-- WHAT YOU WILL DO --
Exact reproduction is required for the lines below starting at the line with "Maison d'Hermine Laptop" and ending at the line with "មុនអញ្ជើញជួបទ្វេភាគីជាមួយសម្តេចតេជោ ហ៊ុន សែន", both included. No other lines, and no pictures.

-- SUPPLIED DATA --
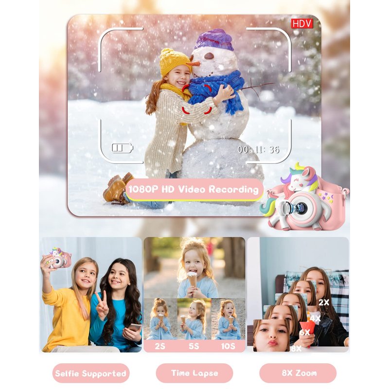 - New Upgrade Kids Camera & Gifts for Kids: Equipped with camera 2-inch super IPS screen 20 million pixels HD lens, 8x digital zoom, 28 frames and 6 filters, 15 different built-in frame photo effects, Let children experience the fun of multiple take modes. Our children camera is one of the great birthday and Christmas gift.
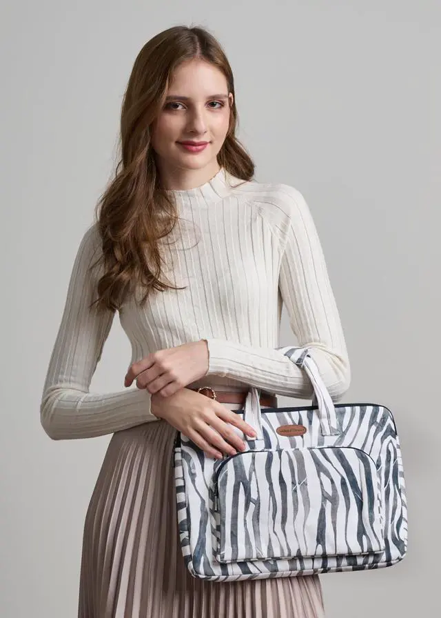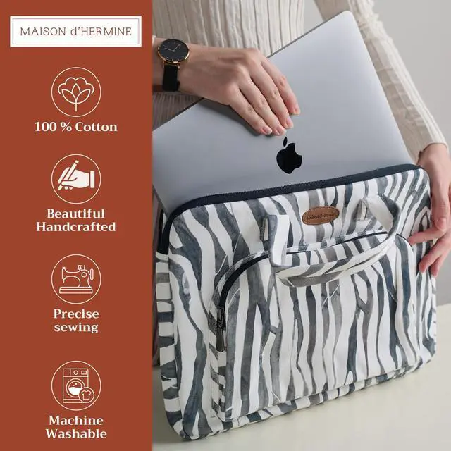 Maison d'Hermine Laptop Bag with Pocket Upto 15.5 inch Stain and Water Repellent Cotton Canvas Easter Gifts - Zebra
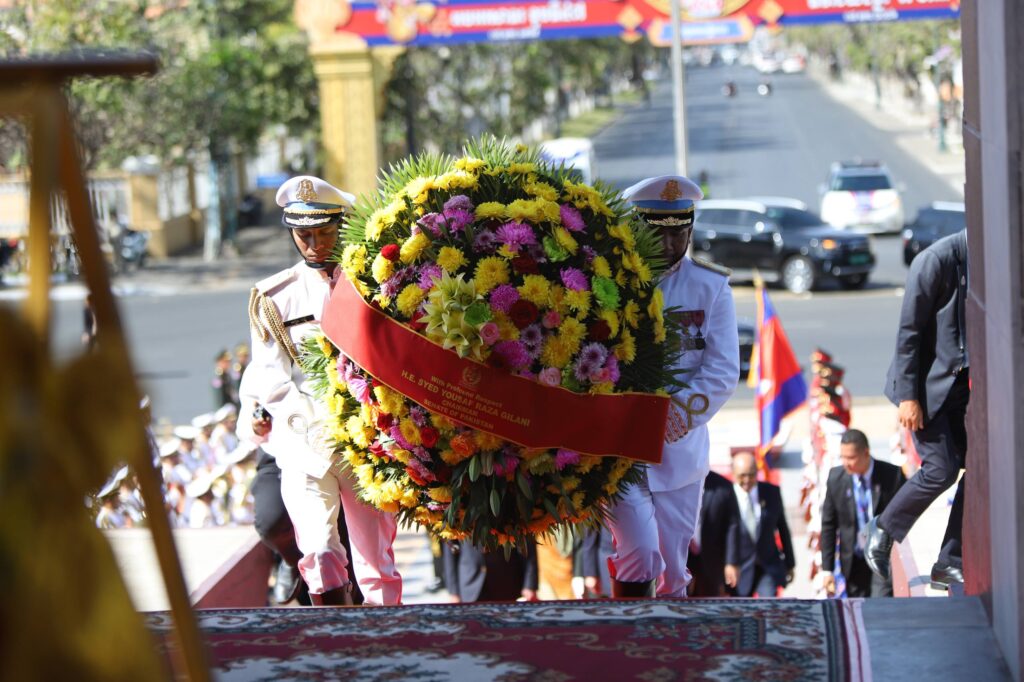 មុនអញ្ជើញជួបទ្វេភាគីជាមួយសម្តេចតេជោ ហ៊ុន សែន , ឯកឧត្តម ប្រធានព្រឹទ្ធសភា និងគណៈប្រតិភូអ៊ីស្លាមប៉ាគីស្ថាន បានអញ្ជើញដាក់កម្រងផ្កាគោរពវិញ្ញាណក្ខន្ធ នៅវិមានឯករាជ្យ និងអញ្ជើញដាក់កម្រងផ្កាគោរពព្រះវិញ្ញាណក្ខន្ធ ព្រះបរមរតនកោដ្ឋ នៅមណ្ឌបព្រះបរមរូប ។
---
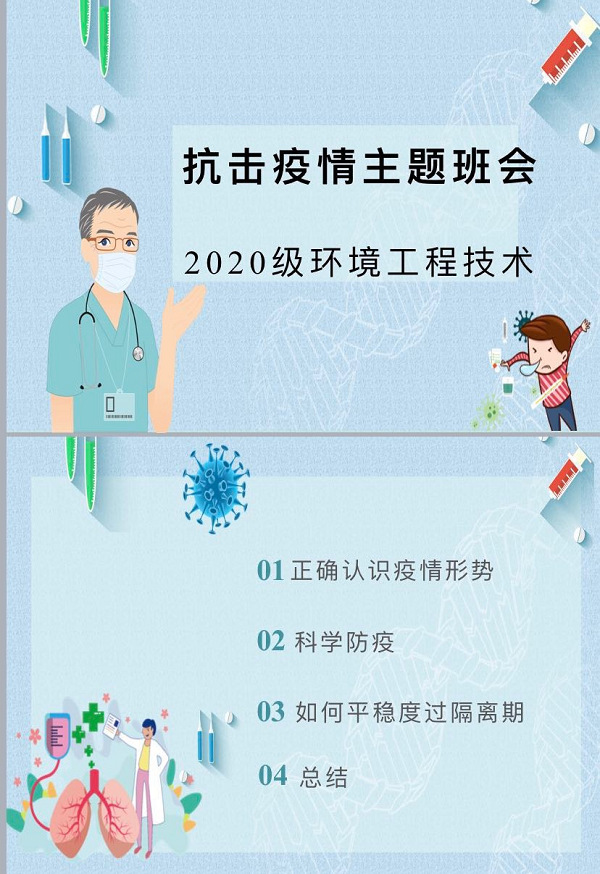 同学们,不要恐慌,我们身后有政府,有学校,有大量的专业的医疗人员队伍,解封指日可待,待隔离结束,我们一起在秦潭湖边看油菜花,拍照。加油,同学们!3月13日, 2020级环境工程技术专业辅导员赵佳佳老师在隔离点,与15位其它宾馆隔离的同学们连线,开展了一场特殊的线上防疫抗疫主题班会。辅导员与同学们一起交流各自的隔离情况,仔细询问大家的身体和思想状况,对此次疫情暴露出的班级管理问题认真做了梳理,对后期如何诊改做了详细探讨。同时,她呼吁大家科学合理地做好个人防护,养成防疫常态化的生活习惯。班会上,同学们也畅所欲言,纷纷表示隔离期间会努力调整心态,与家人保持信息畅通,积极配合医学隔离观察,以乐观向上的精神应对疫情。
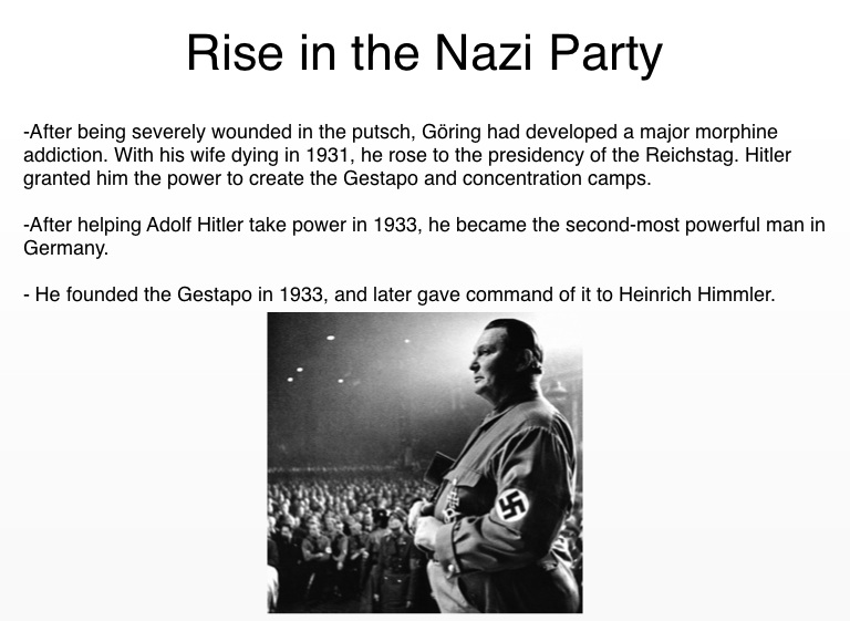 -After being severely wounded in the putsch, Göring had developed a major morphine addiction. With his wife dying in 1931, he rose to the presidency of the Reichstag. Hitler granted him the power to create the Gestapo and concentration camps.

-- COMPLETED EXERCISE --
 Maison d'Hermine Laptop Bag with Pocket Upto 15.5 inch Stain and Water Repellent Cotton Canvas Easter Gifts - Zebra
 មុនអញ្ជើញជួបទ្វេភាគីជាមួយសម្តេចតេជោ ហ៊ុន សែន , ឯកឧត្តម ប្រធានព្រឹទ្ធសភា និងគណៈប្រតិភូអ៊ីស្លាមប៉ាគីស្ថាន បានអញ្ជើញដាក់កម្រងផ្កាគោរពវិញ្ញាណក្ខន្ធ នៅវិមានឯករាជ្យ និងអញ្ជើញដាក់កម្រងផ្កាគោរពព្រះវិញ្ញាណក្ខន្ធ ព្រះបរមរតនកោដ្ឋ នៅមណ្ឌបព្រះបរមរូប ។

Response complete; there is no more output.